With the pictures left out, every record must be reproduced exactly.

=== Source data ===

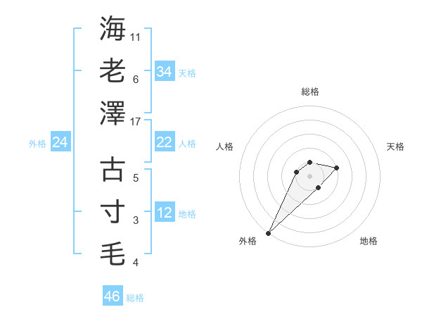 海老澤 古寸毛さんを姓名の画数から五運を鑑定
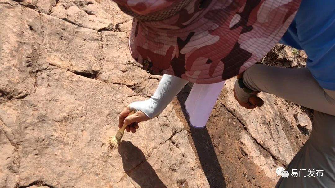 考察现场,专家团队通过对出现足迹片区进行清理及标记,对已暴露的恐龙足迹及其岩层层面进行了详细研究,并利用无人机等手段记录了足迹状况。
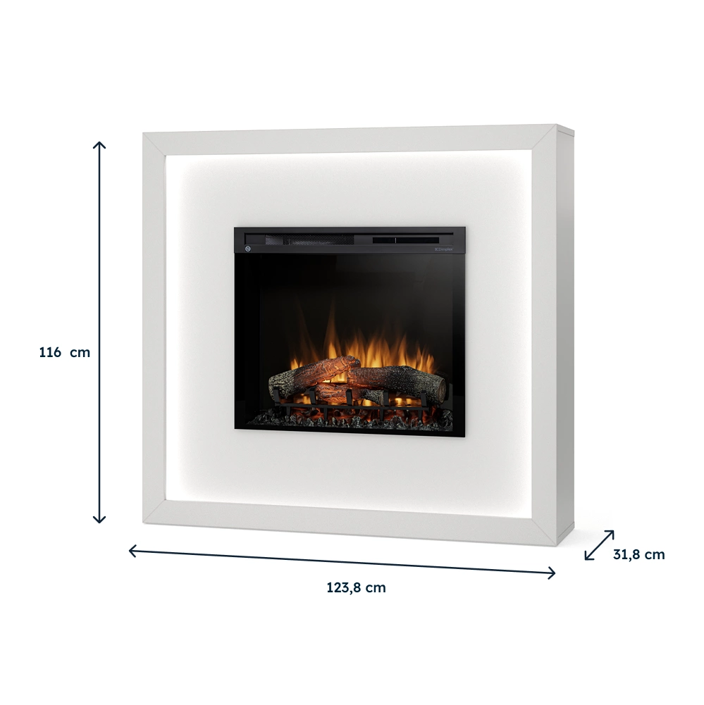 Sercem kominka Warmtec Litos jest wkład elektryczny Dimplex XHD, zapewniający realistyczny efekt płomienia oraz funkcję dogrzewania. Płomienie są jasne, dynamiczne i wiernie odwzorowują naturalne palenisko z żarzącymi się polanami.
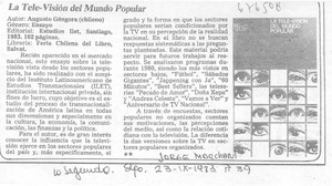 La tele-visión del mundo popular [artículo] / Jorge Marchant. La Segunda (Diario : Santiago, Chile)-- sept. 23, 1983, p. 39. il. .
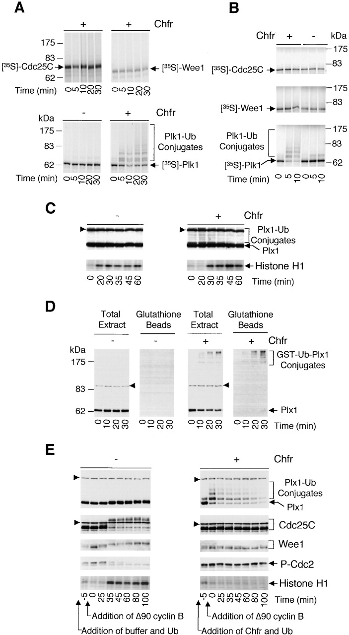 Figure 8. Plk1 is the substrate of Chfr ligase. (A) In vitro–translated Cdc25, Wee1, and Plk1 were incubated with Xenopus interphase extracts and ubiquitin, either in the presence or absence of recombinant Chfr, and the ubiquitination of these proteins was analyzed by SDS-PAGE. (B) In vitro–translated Cdc25, Wee1, and Plk1 were incubated with recombinant E1, E2, ubiquitin, and ATP, either in the presence or absence of recombinant Chfr, and the ubiquitination of these proteins was analyzed by SDS-PAGE. (C) Xenopus interphase extracts were incubated with a buffer or Chfr. Δ90 cyclin B was then added and the kinetics of the activation of the Cdc2 kinase was analyzed by measuring the phosphorylation of histone H1. Duplicated samples were analyzed in Western blot with an antibody against Xenopus Plx1. Arrowheads point to nonspecific, cross-reacting bands. (D) Xenopus interphase extracts were incubated with GST–Ub plus a buffer or Chfr. Samples were collected at various time points to directly blot against an anti-Plx1 antibody. In addition, GST–Ub conjugates were purified with glutathione beads and then assayed by Western blot analysis using the anti-Plx1 antibody. Arrowheads point to nonspecific, cross-reacting bands. (E) Xenopus interphase extracts were incubated with recombinant ubiquitin (at 2 mg/ml) plus a buffer or Chfr for 5 min. Δ90 cyclin B was then added and the kinetics of entry into mitosis was measured by the Cdc2 kinase activity and by the phosphorylation state of Cdc2, Cdc25C, and Wee1. The degree of ubiquitination of Plx1 was assayed by Western blotting with an anti-Plx1 antibody. Arrowheads point to nonspecific, cross-reacting bands.
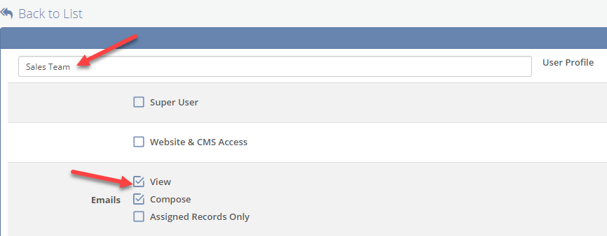 5/ Assign a profile name and tick the corresponding boxes against the permissions allowed for the purpose of this user profile:
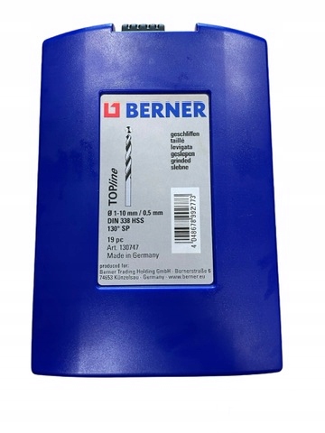 BERNER WIERTŁA DIN 338 HSS SREBRNE KPL 19SZT 1-10
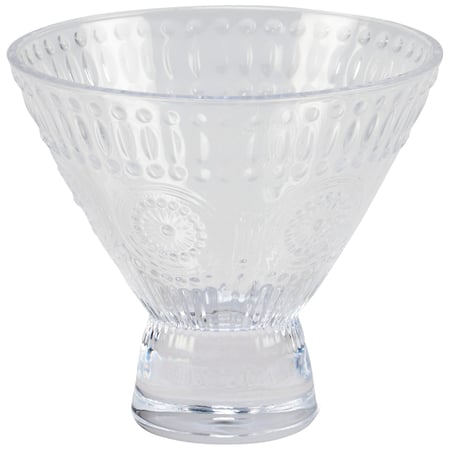 An 8 oz martini glass displaying a textured vintage medallion design on the glass. Our small Medallion martini glass coordinates well with table décor from our Cottagecore Collection. Hand wash only. A piece of vintage drinkware perfect for everyday gatherings.
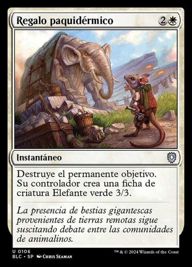 | Rules | Destroy target permanent. Its controller creates a 3/3 green Elephant creature token. |
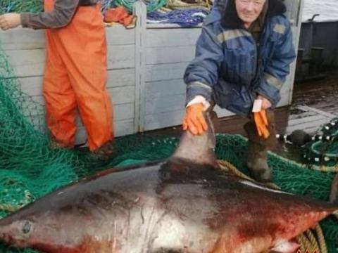 Для здешних мест это не экзотика, но такие размеры всё же редкость. Судя по упитанности, хищница неплохо питалась — вероятно, шла за лососем и сельдью, которых сейчас в прибрежных водах хватает.
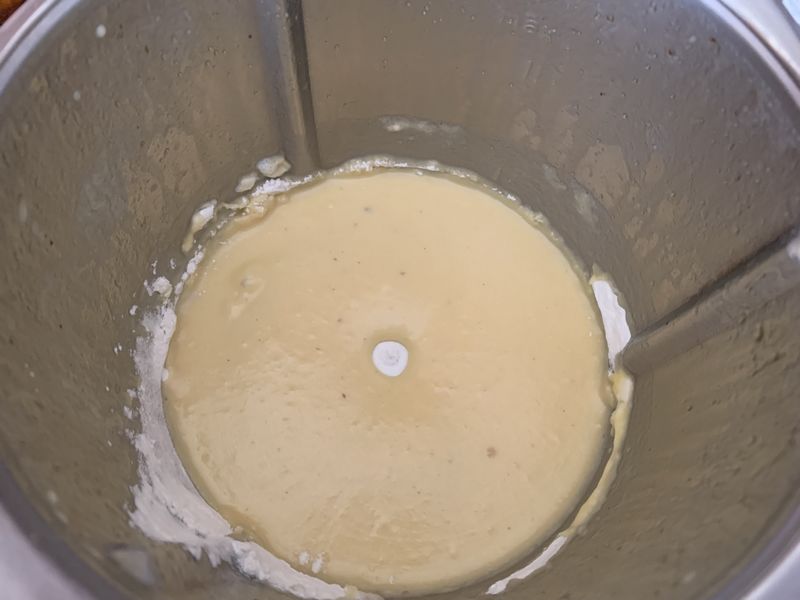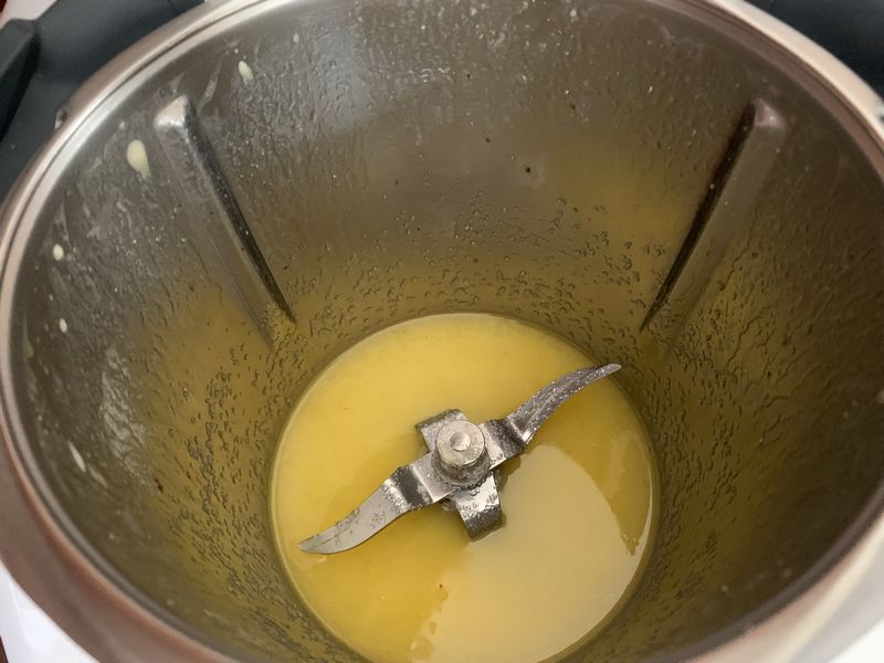 - Mettre à la place le beurre coupé en morceaux et faire fondre 4min/60°C/vit2, verser le sucre dessus et mélanger 1min/vit3.

===

Result of this exercise —
 海老澤 古寸毛さんを姓名の画数から五運を鑑定
 考察现场,专家团队通过对出现足迹片区进行清理及标记,对已暴露的恐龙足迹及其岩层层面进行了详细研究,并利用无人机等手段记录了足迹状况。
 Sercem kominka Warmtec Litos jest wkład elektryczny Dimplex XHD, zapewniający realistyczny efekt płomienia oraz funkcję dogrzewania. Płomienie są jasne, dynamiczne i wiernie odwzorowują naturalne palenisko z żarzącymi się polanami.
 La tele-visión del mundo popular [artículo] / Jorge Marchant. La Segunda (Diario : Santiago, Chile)-- sept. 23, 1983, p. 39. il. .
 Figure 8. Plk1 is the substrate of Chfr ligase. (A) In vitro–translated Cdc25, Wee1, and Plk1 were incubated with Xenopus interphase extracts and ubiquitin, either in the presence or absence of recombinant Chfr, and the ubiquitination of these proteins was analyzed by SDS-PAGE. (B) In vitro–translated Cdc25, Wee1, and Plk1 were incubated with recombinant E1, E2, ubiquitin, and ATP, either in the presence or absence of recombinant Chfr, and the ubiquitination of these proteins was analyzed by SDS-PAGE. (C) Xenopus interphase extracts were incubated with a buffer or Chfr. Δ90 cyclin B was then added and the kinetics of the activation of the Cdc2 kinase was analyzed by measuring the phosphorylation of histone H1. Duplicated samples were analyzed in Western blot with an antibody against Xenopus Plx1. Arrowheads point to nonspecific, cross-reacting bands. (D) Xenopus interphase extracts were incubated with GST–Ub plus a buffer or Chfr. Samples were collected at various time points to directly blot against an anti-Plx1 antibody. In addition, GST–Ub conjugates were purified with glutathione beads and then assayed by Western blot analysis using the anti-Plx1 antibody. Arrowheads point to nonspecific, cross-reacting bands. (E) Xenopus interphase extracts were incubated with recombinant ubiquitin (at 2 mg/ml) plus a buffer or Chfr for 5 min. Δ90 cyclin B was then added and the kinetics of entry into mitosis was measured by the Cdc2 kinase activity and by the phosphorylation state of Cdc2, Cdc25C, and Wee1. The degree of ubiquitination of Plx1 was assayed by Western blotting with an anti-Plx1 antibody. Arrowheads point to nonspecific, cross-reacting bands.
 5/ Assign a profile name and tick the corresponding boxes against the permissions allowed for the purpose of this user profile:
 BERNER WIERTŁA DIN 338 HSS SREBRNE KPL 19SZT 1-10
 An 8 oz martini glass displaying a textured vintage medallion design on the glass. Our small Medallion martini glass coordinates well with table décor from our Cottagecore Collection. Hand wash only. A piece of vintage drinkware perfect for everyday gatherings.
 | Rules | Destroy target permanent. Its controller creates a 3/3 green Elephant creature token. |
 Для здешних мест это не экзотика, но такие размеры всё же редкость. Судя по упитанности, хищница неплохо питалась — вероятно, шла за лососем и сельдью, которых сейчас в прибрежных водах хватает.
 - Mettre à la place le beurre coupé en morceaux et faire fondre 4min/60°C/vit2, verser le sucre dessus et mélanger 1min/vit3.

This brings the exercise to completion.